Depth of anaesthesia (DOA) monitors based on the electroencephalogram (EEG) are commonly used in anaesthetic practice. Their technology relies on mathematical analysis of the EEG waveform, generally resulting in a number which corresponds to anaesthetic depth. We have created a novel method of interpreting the EEG, which retains its underlying complexity. This method consists of turning the EEG into a sound: the electroencephalophone (EEP).

METHODS

In a pilot study, we recorded awake and anaesthetized EEGs from six patients. We transformed each EEG into an audio signal using a ring buffer with a write frequency of 1 kHz and a read frequency of 48 kHz, thus elevating all output frequencies by a factor of 48. In essence, the listener hears the previous 12 s of EEG data compressed into 250 ms, updated every 250 ms.

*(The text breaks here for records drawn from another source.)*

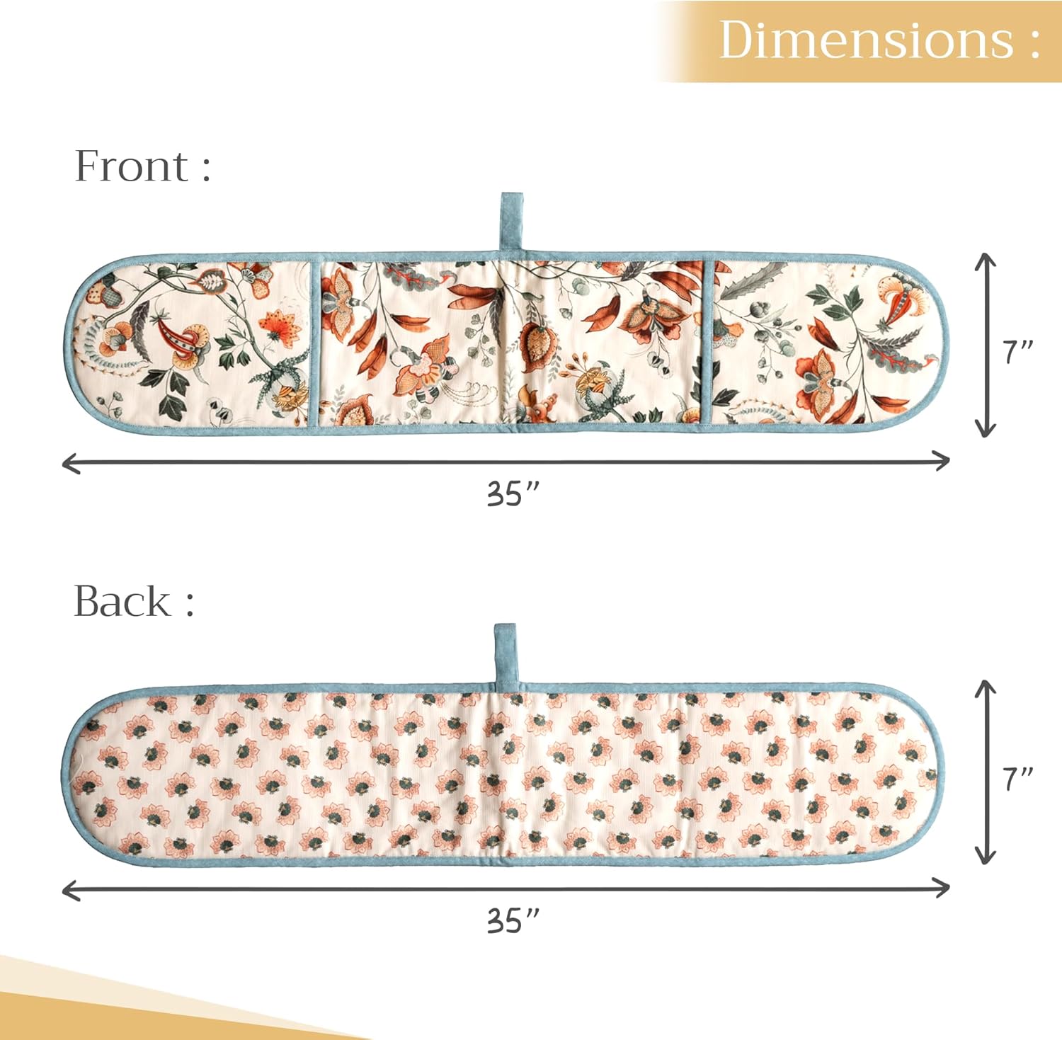 - Package includes: Includes 1 double oven mitt sized 7"x35". Perfect for handling hot cookware safely while adding a touch of European elegance to your kitchen. Designed in Europe and made in India with care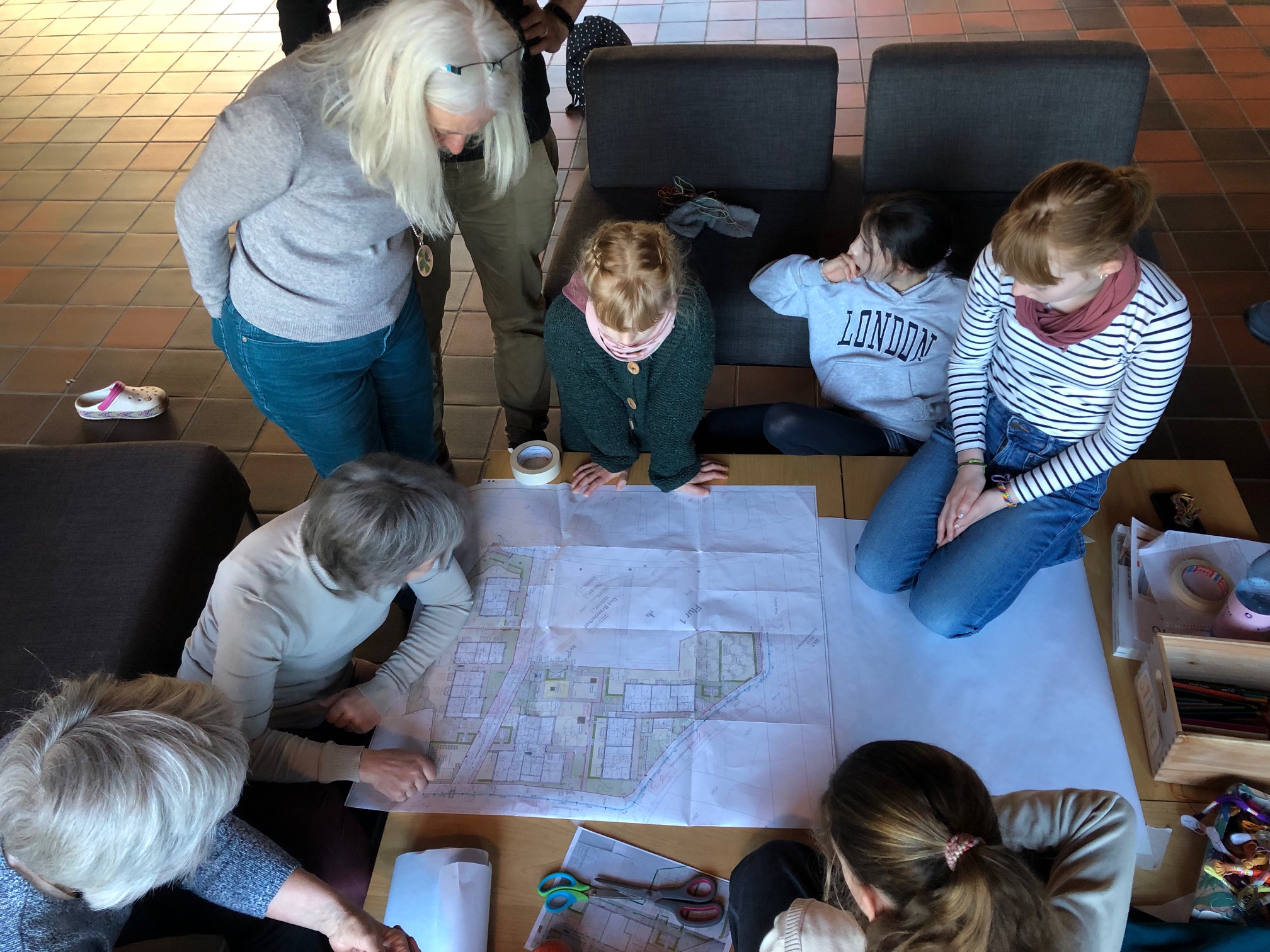 Natürlich machen wir uns bereits jetzt Gedanken über die Gestaltung der Freiflächen und des Gemeinschaftsgartens.  Was wünschen sich die Kinder? Bei der jährlichen Wochenendklausur der Hausgemeinschaft GuteWeGe bringen sie ihre Ideen ein (Foto: ?).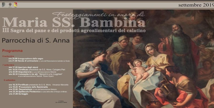 Nutrito il programma di appuntamenti in occasione dei festeggiamenti in onore di Maria Santissima Bambina, che si svolgeranno da venerdì 6 a domenica 8 settembre nella parrocchia di Sant’Anna (retta da don Salvatore Abbotto), col patrocinio del Comune di Caltagirone. Il programma: venerdì 6, alle 20, inaugurazione della III Sagra del pane e dei prodotti agroalimentari del Calatino; alle 21, sul sagrato della chiesa, serata musicale a cura dell’associazione “La Scala” con il concerto “Emozioni” di Giusy Rinaudo – pianoforte e fisarmonica Gaetano Di Stefano, chitarre Emanuele Bunetto, ballerini Claudio Licciardi e Sara Sales, presenta Maria Luisa Cannilla, direzione artistica di Giovanni Canfailla.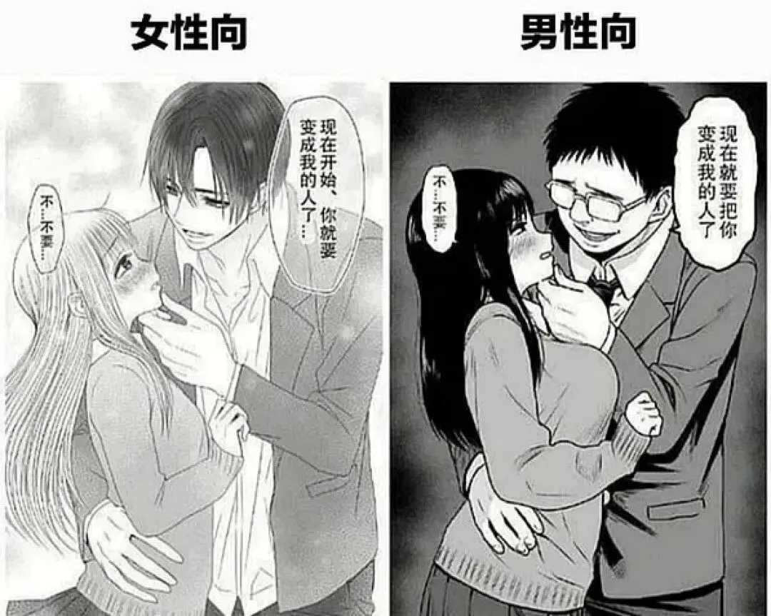 男主角的掐脖、囚禁等行为,则是一种强制爱的演绎。大家喜欢看男主爱到痛心,把女主角一把抓过来,关进仓库,然后背对着门慢慢滑坐下来,崩溃哭泣:“为什么你不肯爱我?”

From these data, we generated a bank of 5 s audio clips, which were then used to train and test a sample of 23 anaesthetists.

RESULTS

After training, 21 of the 23 anaesthetists were able to use the EEP to correctly identify the conscious state of >5 of 10 randomly selected patients (P<0.001). The median score was 8 out of 10, with an inter-quartile range of 7-9.

CONCLUSIONS

The EEP shows promise as a DOA monitor. However, extensive validation would be required in a variety of clinical settings before it could be accepted into mainstream clinical practice.

摘要

背景

基于脑电图(EEG)的麻醉深度监测仪在麻醉实践中被广泛使用。其技术依赖于对 EEG 波形的数学分析,通常会产生一个与麻醉深度相对应的数值。我们创造了一种新的 EEG 解释方法,保留了其底层的复杂性。该方法将 EEG 转化为声音:脑电图仪(EEP)。

方法

在一项初步研究中,我们记录了六名患者清醒和麻醉时的 EEG。我们使用一个环形缓冲区将每个 EEG 转换为音频信号,其写频率为 1 kHz,读频率为 48 kHz,从而将所有输出频率提高 48 倍。从本质上讲,听众听到的是 EEG 数据的前 12 s 被压缩到 250 ms 中,每 250 ms 更新一次。从这些数据中,我们生成了一组 5 s 的音频剪辑,然后使用这些剪辑来培训和测试 23 名麻醉师样本。

结果

经过培训,23 名麻醉师中有 21 名能够使用 EEP 正确识别 >5 名随机选择患者中的意识状态(P<0.001)。中位数得分为 10 分中的 8 分,四分位距为 7-9 分。

结论

EEP 有望成为一种麻醉深度监测仪。然而,在各种临床环境中需要进行广泛的验证,然后才能被接受进入主流临床实践。